End of Quarter Work
General
Each individual knows best what the best use of their time is over the next week.
We trust your judgement. At the same time, we urge you to push yourself just a bit
more on classwork and other investments in your future than you might feel you want to.
That said:
- There is no final exam.
- Lab 4 and the final exercise are optional.
- If you do them it cannot lower your grade relative to the grade you'd get if you hadn't done them.
Grading will be done normally, as if times were normal. If your grade is above your average through Lab 3,
the new grade raises it. If your grade is below your average through Lab 3, it is not lowered.
- There is a symbolic reward for each of the two non-mandatory items that remain. (That means there will be
some credit for doing each, but the credit will be worth way under the amount required to change the final grade
by a 10th of a point -- .03, for instance.)

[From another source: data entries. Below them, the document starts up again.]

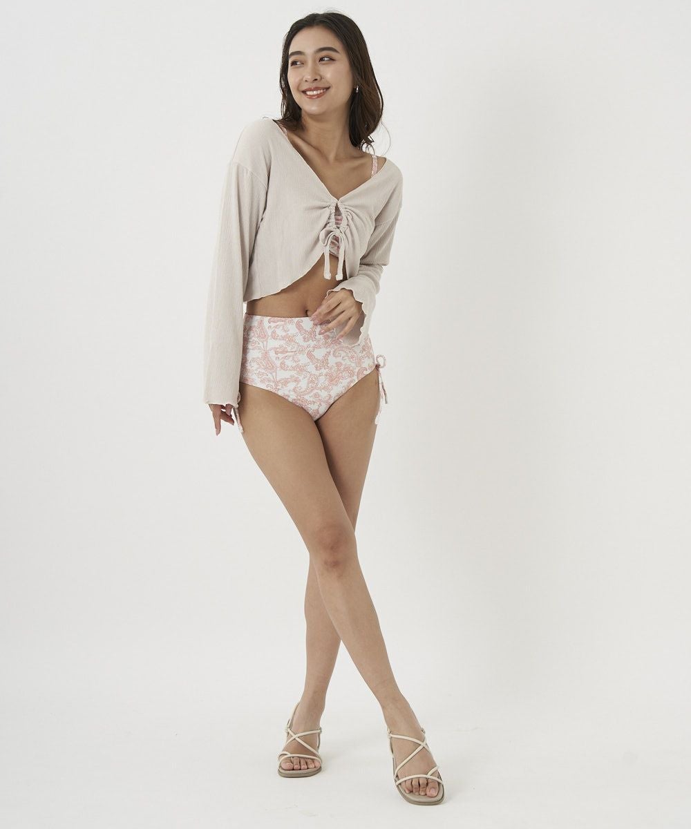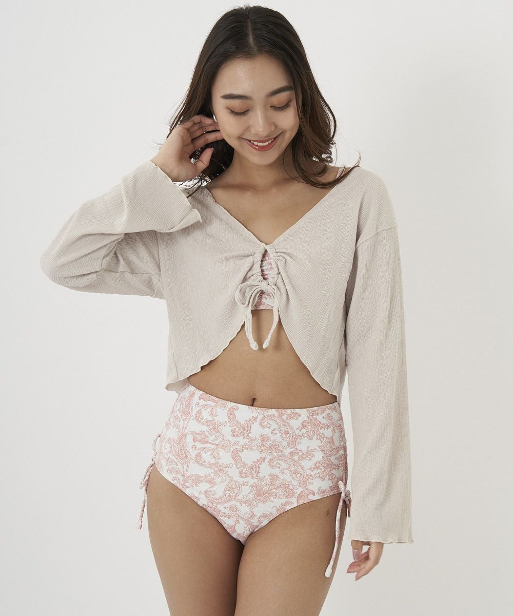 素材が凸凹したシワ素材で見た目にも通気性にも優れた水着セット。とにかくシワ素材のボレロが可愛い!!普段にもカーディガンとして使えます♪水着の柄は淡いペイズリーで大人な水着です。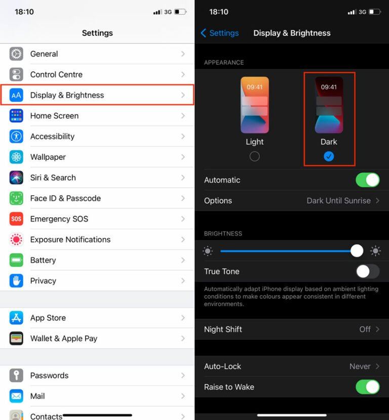 برای فعال کردن حالت تیره، پس از ورود به تنظیمات، گزینهی Display & Brightness و سپس گزینهی Dark را انتخاب کنید. یک راه دیگر برای دسترسی به این حالت، استفاده از مرکز کنترل و لمس طولانی نوار تنظیم روشنایی است.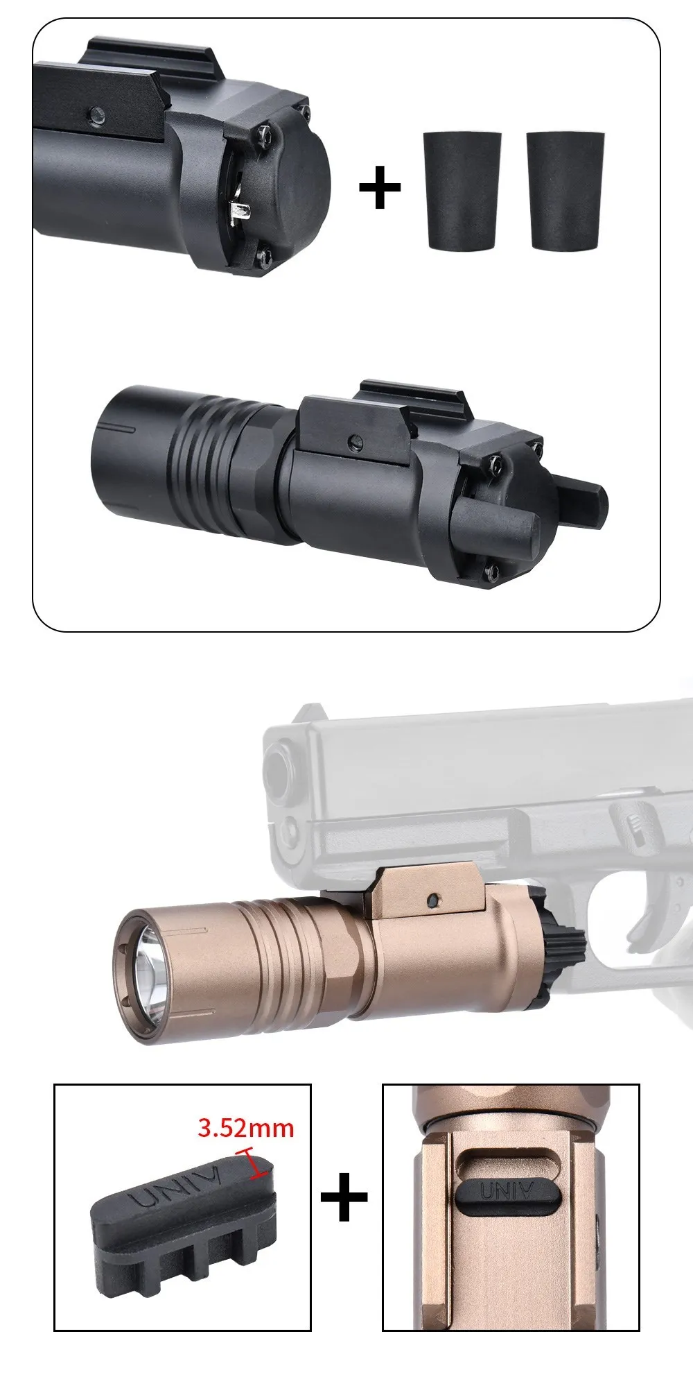 Linterna táctica WADSN de 1000 lúmenes para caza al aire libre, luz de exploración, foco de alta potencia para el pl350-plhv2, encendido constante

- There are two options for the final exercise.
For what it's worth, I feel that if you take seriously what is being asked, that you take responsibility
for deciding what's best for you and then carry that out, that you should take pride in doing so no matter
what your decision is.
Lab 4
- Completion of Lab 4 is optional, as explained above. There is no penalty for not handing it in.

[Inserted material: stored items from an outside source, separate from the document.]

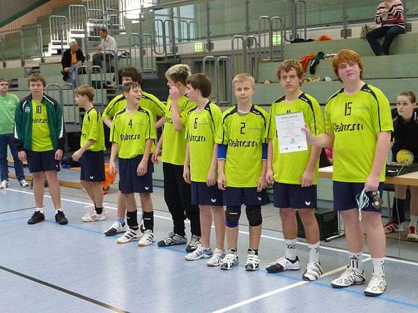 Die Handballschulmannschaft (Klassenstufe 7-9) der Mittelschule Regis-Breitingen nahm am 28.01.2011 am Regionalfinale „ Jugend trainiert für Olympia – Handball“ in Markranstädt teil. Gegner waren eine Auswahl der Neuen Nikolaischule Leipzig und der Mittelschule Naunhof. In beiden Spielen musste unsere Mannschaft erst ins Spiel finden. Niemals gaben die Spieler auf, feuerten sich gegenseitig an und konnten letztendlich die Spielführung übernehmen. So gewannen sie beide Spiele, gingen als Sieger des Regionalfinales hervor und sicherten sich somit die Teilnahme am Landesfinale von Sachsen im März in Zwickau. Ein Dank an die handballbegeisterten Eltern, die als Trainer und Fahrer unsere Spieler unterstützten. Presseclub MS Regis-Breitingen |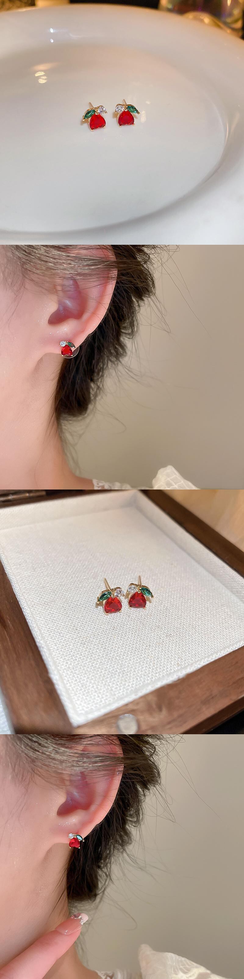 送料無料 KAITIN ジルコンハート女性イヤリングパーソナライズ葉シルバー針スタッドピアス多彩な気質スタイルジュエリー 指輪 銀 AE88788779804588650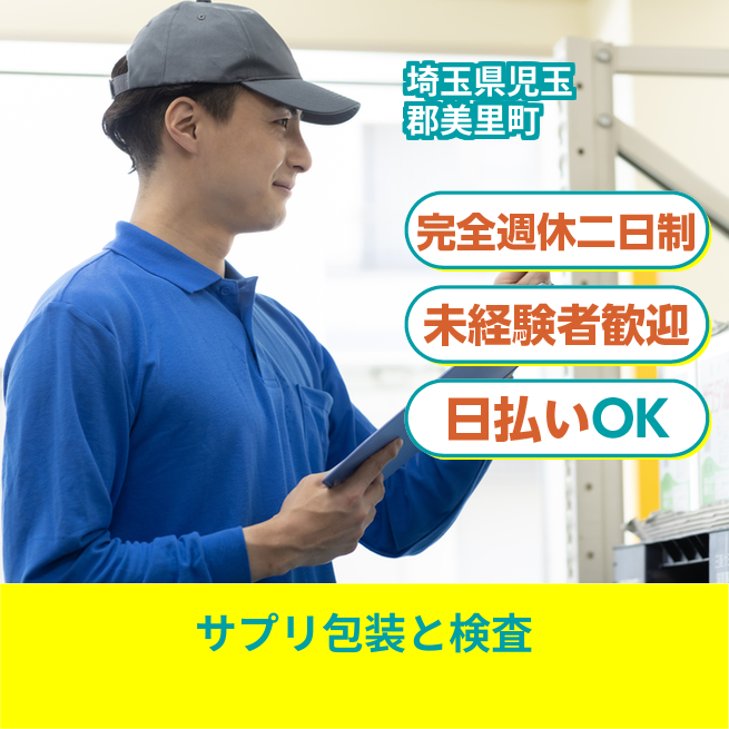 ※実際と異なるケースもございます。 交通費 支給あり 応募の流れ 本ページ内<応募する>ボタンより、必要項目をご入力の上、ご応募ください。 勤務地 【勤務地】埼玉県児玉郡美里町広木 勤務時間 【勤務地】①08:30~17:10 休憩60分

- The due date has been extended through the weekend.
- Grading will be in-person, so the extension is really until your grading session.
- If your partner decides not to continue working on it, you can still schedule a grading session and receive credit for
what you have done, even if the project isn't working.
Final Exam Activity
- It's optional, as explained above.
- If you do it, please hand in your work by Saturday morning, June 13.
- I will read and grade all submissions.
- There are two options to choose between.
- What to do for each is explained below.
- Turn-in is on Canvas.
- I encourage you to at least read the abstracts (first few paragraphs) of each paper cited by Option 1 whether you intend to
do that exercise or not (including if you intend to choose neither option).
Option 1
I have selected three papers from the most recent
Symposium on Operating Systems Principles (SOSP). SOSP is one of the top research conferences in operating systems. It is very competitive to get a paper accepted to it.
The exercise is:
- Select one of the papers and read it.
- Spend some reasonable effort on it. It is expected that it will be challenging to read - the intended audience is
researchers in operating systems. I'm hoping that you will learn things from reading the paper, and that takes some work.
At the same time, I'm not expecting you to feel that you understand everything the paper says. (That's usually challenging
for anyone, including the target audience.) Spend "reasonable time" on it, and stop when you've reached the point of diminishing returns in what you're gaining per 10 minutes spent.
- Create and hand in "appropriate length" report that addresses at least the following:
- Your name
- Title of the paper you're writing about
- What is the paper about? What issue does it address? Why is that issue important?
- What is the paper's contribution to knowledge related to its issue? How might the world be changed by the
paper's results?
- What topics from CSE 451 this quarter were directly useful to you when reading the paper, and how were they relevant?
- What did you learn from the paper? How did it go beyond what we talked about this quarter?
- If there were aspects of the paper you ended up unclear about, what were they? Were there such large gaps between
the background you got from 451 and the place the paper started from that you felt unsure if you understood what it was
saying? If so, can you describe what you think was missing from your background knowledge?
- Short and straight to the heart of the matter, rather than exhaustive detail, is always better. "e=mc2"
rather than "If a body gives off the energy L in the form of radiation, its mass diminishes by L/V2.
This equation is approximated by neglecting magnitudes of fourth and higher orders of a series expansion."
(Thanks, Wikipedia.)
Here are the papers. I've ordered them from what I guess is least challenging to most challenging. (To see
the full paper, click on the big red PDF buttons on the pages these links take you to.)
Option 2
IF you have have created a detailed study gude for this course, you can:
- Submit it. (You still own it. We won't use it for anything.)
- Submit a 1-page "most critical points" summary of it.
The one page limit is not intended to make this almost no work, it's intended to make it hard.
You have to distill what you have down to a single page (without using font size tricks).
Presumably that will require thinking about all the content and finding some way to express only the most important points.